Discourses of energy democracy are now circulating throughout grassroots movements, trade unions, universities and policy circles. Meanwhile, community-run energy co-operatives are proliferating rapidly, cities are reversing privatisation by taking gas and electricity back under municipal control, and in some countries like Uruguay, national governments are showing leadership in pushing democratic low-carbon transition.
The advent of left electoral projects across Europe now demands a rapid concretisation of the energy democracy project. With progressive policy-makers and ministers seeking new energy pathways fast, we need clear answers to difficult questions, from financing options, to new models of public management, to industrial conversion strategies.

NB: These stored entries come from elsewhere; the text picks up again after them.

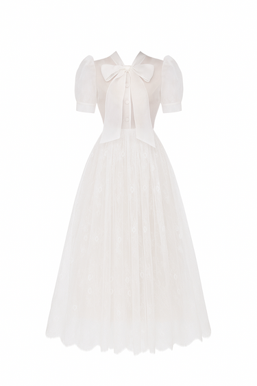 - Manches bouffantes transparentes avec finition en dentelle délicate
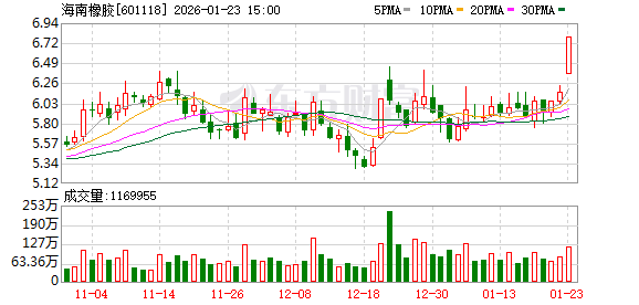 海南橡胶涨停,沪股通龙虎榜上净买入4481.20万元
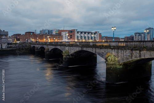 Naklejka premium Riverside area at night. Shannon river, Limerick city, Ireland. Blue and orange colors. Dusk scene. Cloudy sky. Christmas and New Year illumination.
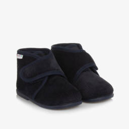 Grey slippers for boys by Spanish brand Pisamonas. The uppers are knitted in a cable design and are lined in soft fleece for extra warmth. These comfortable and cosy slippers have non-slip rubber outer soles and simply slip on.
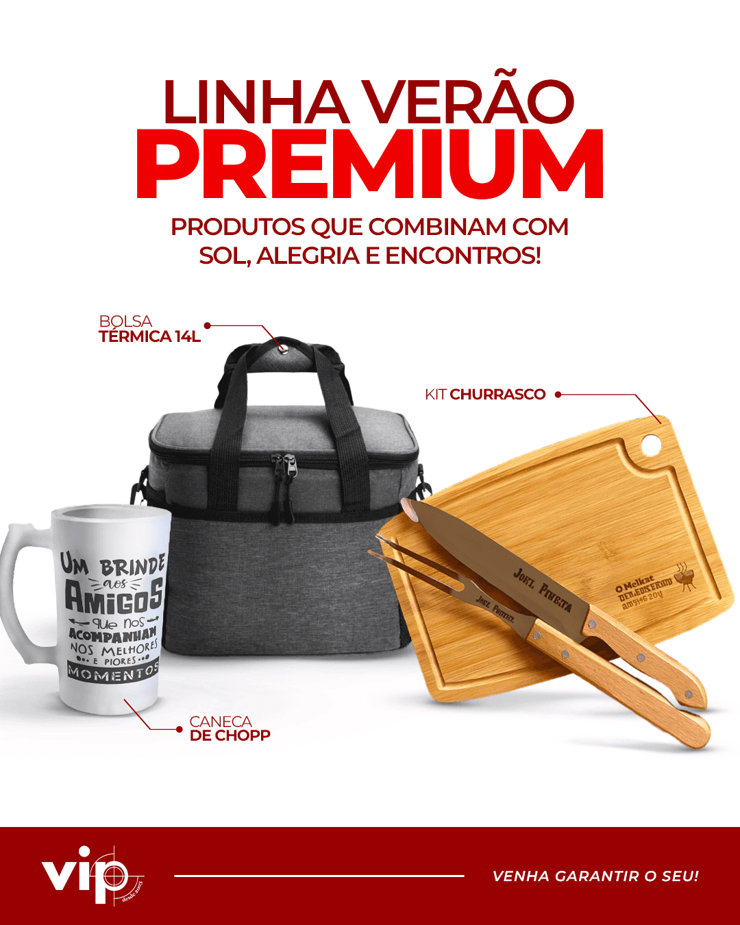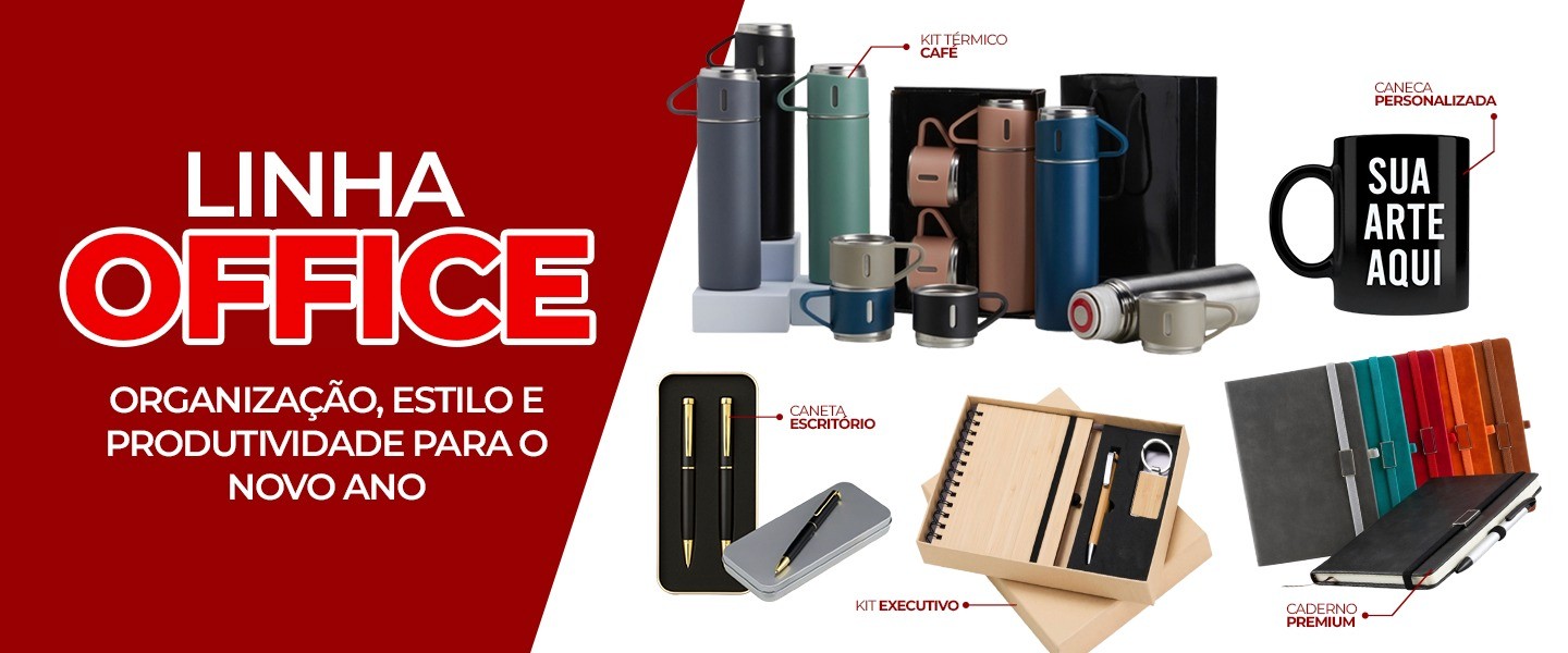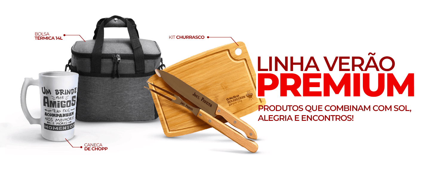Copos, canecas, chaveiros, kits churrasco e outras ideias criativas para presentear ou fortalecer sua marca. Tudo com o seu logo, suas cores e a sua cara.

This new report – Strategies of Energy Democracy – clarifies the state of existing debates with the aim of opening up new questions and possibilities, while paving the way towards a clearer direction of travel. Moving forward, it is argued, will require a careful consideration of questions of politics and power. Who currently calls the shots over energy transition? How might existing power relations be transformed in our favour? And who are we referring to in an assumption of a unified “our” or “we” of a movement for energy democracy? By offering a start on answering such questions – and by summarising existing discussions around narrative, scale, ownership, finance, energy poverty and just transition – this report should serve as a resource for activists and scholars interested in crafting socially just and democratic low-carbon energy transitions.